We have found that Heroku's performance dynos are phenomenally more performant than the standard ones, and they come with tons of RAM so we can fit many copies of the app in memory. This allows me to use Puma's cluster mode and currently we run 12 Puma processes (PUMA_WORKERS) per dyno, each Puma using up to 3 threads (PUMA_MAX_THREADS). I probably could increase the workers significantly and still have enough memory. For Hired production we run 2 Performance-L dynos, and an additional 1 Performance-L for admins-only (our internal admin app).
For Sidekiq, I use cheaper Standard-2X dynos and have a Hubot script that auto scales-them based on queue depth. Currently I have SIDEKIQ_CONCURRENCY=5 and we always run at least 2 or 3 worker dynos and up to 12 at peak times.
We also run a single Clock dyno for scheduled jobs. Mostly these jobs just kick off other jobs or log stuff, so it's on a Standard-1X plan.
I hope this helps!
Hey @heythisisnate, this is awesome! Thanks for sharing! Good to know what hired is using.
I haven't had a chance to use Performance dynos yet because none of the apps I managed have reached that magnitude, but 2X have been a staple for us for quite a while now because we have noticed that the memory footprint of Ruby apps have grown quite a bit, and it hits 512MB limit (1X) pretty easily. For 2X (1GB) memory, we only turn up about 1-3 PUMA_WORKERS depending on the app, and sometimes there would be one or two gnarly memory leaks that we have to hunt down. Most of the time, we PUMA_MAX_THREADS as 5 though. Extrapolating that to 14GB Performance-L servers, numbers seem about right (our puma config is very much the same as yours).

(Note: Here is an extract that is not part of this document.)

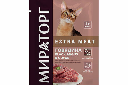 Влажный корм для кошек Мираторг Winner Extra Meat Говядина Black Angus в соусе доставка

RE: sidekiq, most of what I do is through ENVs as well, except that client_redis_size and server_concurrency_size are derived as formulas.
I noticed that you didn't set size under Sidekiq.configure_client though and from this article it seems to suggest that the number can/should be tweaked (otherwise I think it defaults to 25? - might be wasteful? or am I wrong?).
For Sidekiq.configure_server, we set the size via the formula here, instead of through the ENV variable (${SIDEKIQ_CONCURRENCY:-5}) so that I don't have to do the math every time I change certain values. Haha.
For ENV['DATABASE_URL'] = "#{database_url}?pool=250", if you are already using database.yml, I think the pool: 250 can go into database.yml` too.
Thoughts? Thanks for your reply! :bow:
:+1:
hi @winston, dividing by 2 in: puma_workers * (puma_threads / 2) * web_dynos could cause client_redis_size = 0 when puma_threads = 1
Btw, I am in use of redis-objects which need at least one connection per app instance (web). Is it better to share the connection pool between sidekiq and redis-objects or I should use another connection pool with size equal to client_redis_size?
@longkt90 Thanks for the feedback!
could cause client_redis_size = 0
That's true. Probably should modify the puma_threads method to be:
def puma_threads
[2, Integer(ENV.fetch("WEB_MAX_THREADS", 5))].max
end
So that the minimum is at least 2.
@longkt90 I haven't used redis-objects myself, but I would think this might be better?
use another connection pool with size equal to
client_redis_size
Yeah. That's what we are using. I dont think it's good idea to share the pool between sidekiq and redis-object On Fri, Dec 25, 2015 at 11:57 AM Winston [email protected] wrote:
@longkt90 https://github.com/longkt90 I haven't used redis-objects myself, but I would think this might be better?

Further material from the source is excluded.